The presented pilot study describes the positive impact of autologous bone marrow-derived mesenchymal stem and dermal fibroblast in combination with chitosan-based biomaterial in diabetic foot treatment.

• In the present study, we successfully isolated mesenchymal stem cells from the bone marrow. The yield of isolated cells was 17.9 × 10⁶ cells/mL. hBM-MSC showed a high expression of CD29 (99.1 ± 0.4%), CD44 (99.8 ± 0.2%), CD90 (98.0 ± 0.6%) and low expression of CD34 (0.8 ± 0.2%) and CD45 (0.3 ± 0.1%).

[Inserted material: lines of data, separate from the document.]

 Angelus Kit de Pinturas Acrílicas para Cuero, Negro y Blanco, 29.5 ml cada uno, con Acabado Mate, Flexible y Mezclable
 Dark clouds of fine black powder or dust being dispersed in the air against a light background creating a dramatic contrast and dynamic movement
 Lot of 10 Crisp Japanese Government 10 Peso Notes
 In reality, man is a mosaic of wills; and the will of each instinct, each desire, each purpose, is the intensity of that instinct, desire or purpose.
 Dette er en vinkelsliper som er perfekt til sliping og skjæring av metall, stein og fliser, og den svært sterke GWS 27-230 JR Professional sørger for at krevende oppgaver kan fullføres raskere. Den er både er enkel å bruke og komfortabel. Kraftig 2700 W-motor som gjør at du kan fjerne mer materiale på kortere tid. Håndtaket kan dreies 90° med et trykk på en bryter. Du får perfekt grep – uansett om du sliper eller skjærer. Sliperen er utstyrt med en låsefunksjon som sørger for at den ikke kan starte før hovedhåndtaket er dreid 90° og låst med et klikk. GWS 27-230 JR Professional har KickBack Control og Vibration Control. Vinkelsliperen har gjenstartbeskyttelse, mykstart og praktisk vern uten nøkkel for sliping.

• We were also able to isolate and cultivate a cell culture of dermal fibroblasts. The yield of isolated cells was 1.5 × 10⁶ cells/mL. Cells from the cultivated population showed a spindle shape and 85–95 µm in size and, according to the results of immunocytochemistry staining, showed positivity for vimentin, collagen I and collagen III.

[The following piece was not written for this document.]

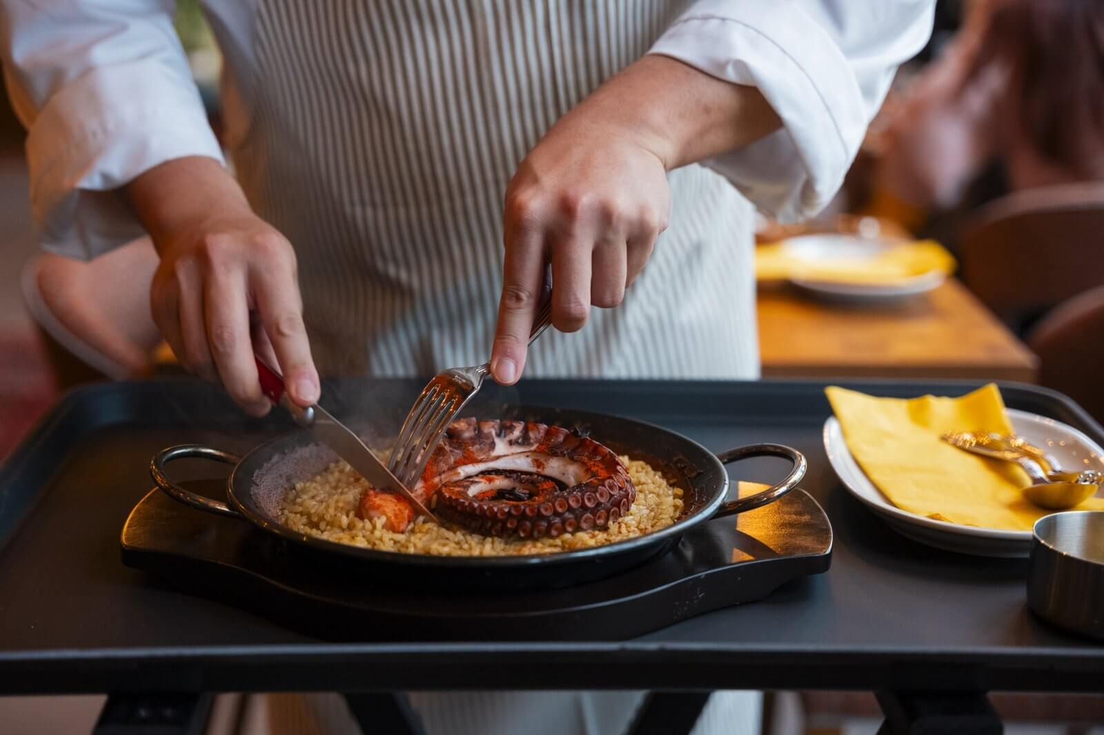 The restaurant’s signature dish, ‘Island Octopus and Zarzuela Paella with Island Garlic Aioli,’ features an entire leg of locally sourced octopus. The aioli is mixed in front of guests in a theatrical performance. Grilled in a Josper charcoal oven, the octopus is crisp on the outside, tender and juicy inside, delivering a remarkable burst of flavor.

• We observed pain relief after the intramuscular application of autologous hBM-MSC, enhancement of healing process activation, formation of blood vessels and almost complete healing of the defect after skin graft transplantation and 8 months of therapy.

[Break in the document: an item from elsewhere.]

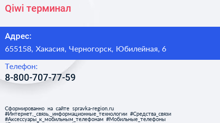 Qiwi, терминал по адресу 655158, Хакасия, Черногорск, Юбилейная, 6 в дальнейшем Организация, размещена в следующих категориях:
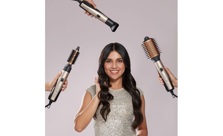 3 accesorios versátiles: incluye un concentrador de secado para preparar el cabello antes del peinado, un cepillo ovalado cerámico de 70 mm para suavizar y dar volumen a la raíz, y un cepillo redondo cerámico de 25 mm para crear rizos pequeños, movimientos divertidos y dar forma al flequillo. Ambos cepillos cuentan con cerdas térmicas mixtas, que mejoran el control y la precisión en cada estilo.

• The success of the treatment in this case can be explained by the synergistic positive healing effect of both the used material and the cell components, as fibroblasts and MSC show significant immunomodulating and paracrine potential, which plays an important role in the wound-healing process. In the same way, chitosan-based biomaterials are also used in the healing process of refractory wounds, which directly affects the hemostatic, proliferative and immunomodulating phase [52,54,57].